Start of Given information

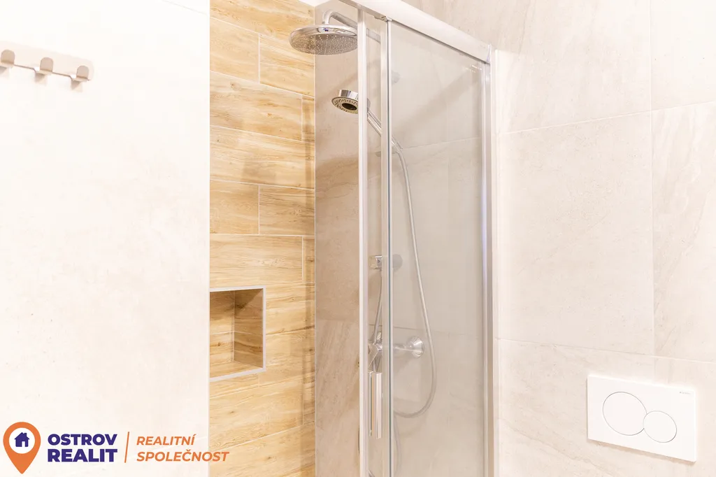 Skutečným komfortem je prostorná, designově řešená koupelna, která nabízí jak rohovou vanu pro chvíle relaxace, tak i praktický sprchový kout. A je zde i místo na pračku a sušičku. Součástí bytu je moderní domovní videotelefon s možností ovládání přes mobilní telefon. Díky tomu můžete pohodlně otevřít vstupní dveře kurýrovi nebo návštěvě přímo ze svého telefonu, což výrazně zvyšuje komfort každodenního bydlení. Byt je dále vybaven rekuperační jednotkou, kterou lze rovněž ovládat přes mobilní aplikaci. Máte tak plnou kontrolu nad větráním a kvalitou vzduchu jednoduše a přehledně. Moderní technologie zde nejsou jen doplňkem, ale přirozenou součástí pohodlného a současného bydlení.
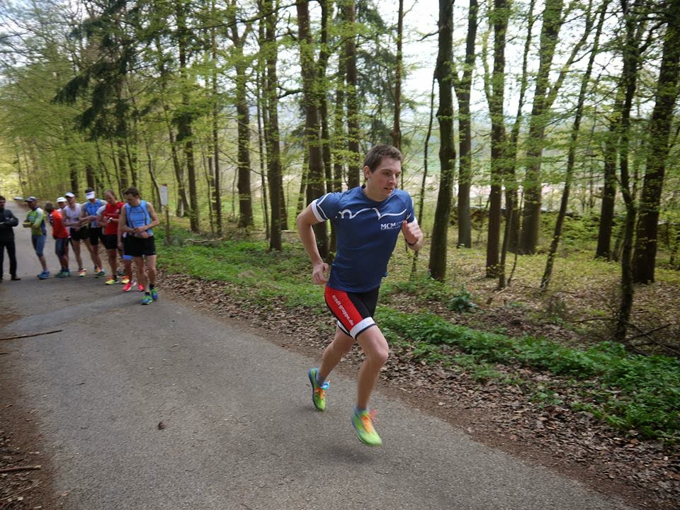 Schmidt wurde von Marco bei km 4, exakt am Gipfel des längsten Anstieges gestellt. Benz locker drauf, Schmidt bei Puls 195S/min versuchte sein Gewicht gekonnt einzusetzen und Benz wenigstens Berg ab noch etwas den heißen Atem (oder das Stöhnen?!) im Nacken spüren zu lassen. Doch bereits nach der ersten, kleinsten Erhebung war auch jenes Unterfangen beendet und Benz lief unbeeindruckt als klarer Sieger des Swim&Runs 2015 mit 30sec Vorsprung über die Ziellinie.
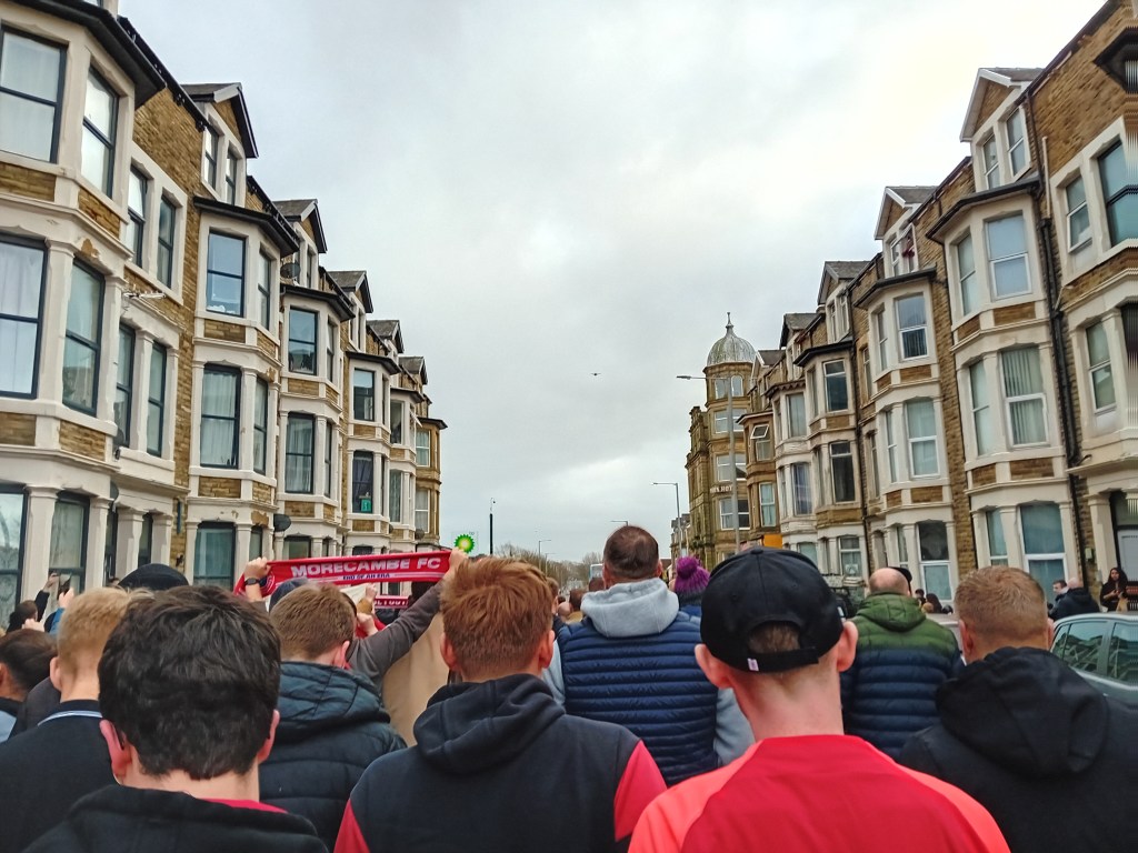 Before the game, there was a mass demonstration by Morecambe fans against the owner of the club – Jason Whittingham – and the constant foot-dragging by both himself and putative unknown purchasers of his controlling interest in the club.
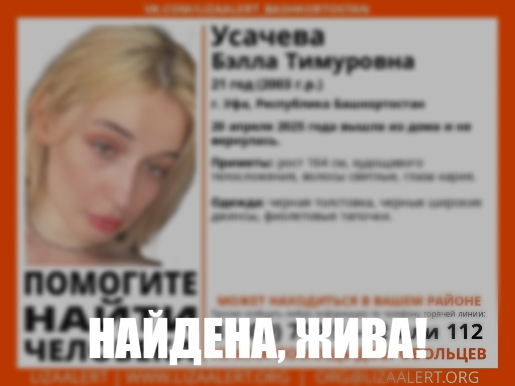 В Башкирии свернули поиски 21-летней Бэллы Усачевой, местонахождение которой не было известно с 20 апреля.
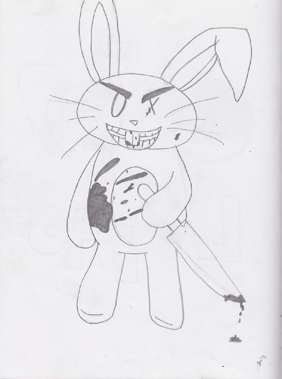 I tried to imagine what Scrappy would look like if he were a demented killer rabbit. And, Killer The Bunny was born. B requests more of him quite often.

End of Given information

[What needs to be done] Repeat the records above exactly, without pictures.

[Your response]
 Skutečným komfortem je prostorná, designově řešená koupelna, která nabízí jak rohovou vanu pro chvíle relaxace, tak i praktický sprchový kout. A je zde i místo na pračku a sušičku. Součástí bytu je moderní domovní videotelefon s možností ovládání přes mobilní telefon. Díky tomu můžete pohodlně otevřít vstupní dveře kurýrovi nebo návštěvě přímo ze svého telefonu, což výrazně zvyšuje komfort každodenního bydlení. Byt je dále vybaven rekuperační jednotkou, kterou lze rovněž ovládat přes mobilní aplikaci. Máte tak plnou kontrolu nad větráním a kvalitou vzduchu jednoduše a přehledně. Moderní technologie zde nejsou jen doplňkem, ale přirozenou součástí pohodlného a současného bydlení.
 Schmidt wurde von Marco bei km 4, exakt am Gipfel des längsten Anstieges gestellt. Benz locker drauf, Schmidt bei Puls 195S/min versuchte sein Gewicht gekonnt einzusetzen und Benz wenigstens Berg ab noch etwas den heißen Atem (oder das Stöhnen?!) im Nacken spüren zu lassen. Doch bereits nach der ersten, kleinsten Erhebung war auch jenes Unterfangen beendet und Benz lief unbeeindruckt als klarer Sieger des Swim&Runs 2015 mit 30sec Vorsprung über die Ziellinie.
 Before the game, there was a mass demonstration by Morecambe fans against the owner of the club – Jason Whittingham – and the constant foot-dragging by both himself and putative unknown purchasers of his controlling interest in the club.
 В Башкирии свернули поиски 21-летней Бэллы Усачевой, местонахождение которой не было известно с 20 апреля.
 I tried to imagine what Scrappy would look like if he were a demented killer rabbit. And, Killer The Bunny was born. B requests more of him quite often.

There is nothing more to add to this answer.